» Exercise data
◇ ◇ ◇ ◇ ◇ ◇ ◇

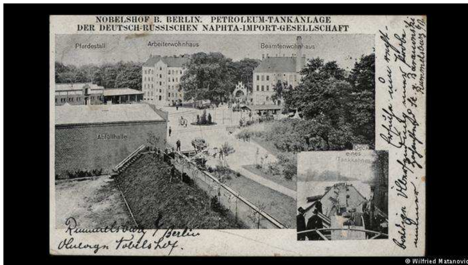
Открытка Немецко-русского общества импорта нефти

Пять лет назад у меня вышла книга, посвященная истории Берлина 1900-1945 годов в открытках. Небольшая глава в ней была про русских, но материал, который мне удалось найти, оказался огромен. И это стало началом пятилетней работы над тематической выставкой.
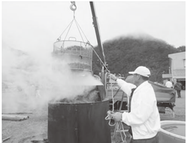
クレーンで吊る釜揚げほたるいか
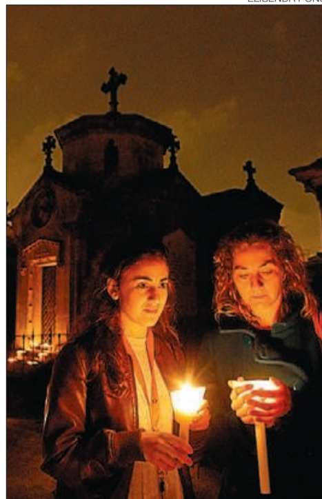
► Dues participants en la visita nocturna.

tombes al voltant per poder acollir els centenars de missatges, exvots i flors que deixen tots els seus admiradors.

◇ ◇ ◇ ◇ ◇ ◇ ◇

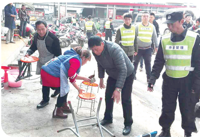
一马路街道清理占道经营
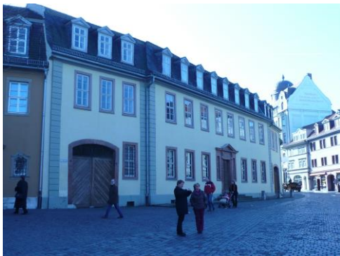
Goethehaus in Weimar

◇ ◇ ◇ ◇ ◇ ◇ ◇

» Work task
Please transcribe exactly the lines above from the line that has "la visita nocturna." up to and including the line that has "tombes al voltant"; no other line belongs in the answer.

» Answer space
► Dues participants en la visita nocturna.

tombes al voltant per poder acollir els centenars de missatges, exvots i flors que deixen tots els seus admiradors.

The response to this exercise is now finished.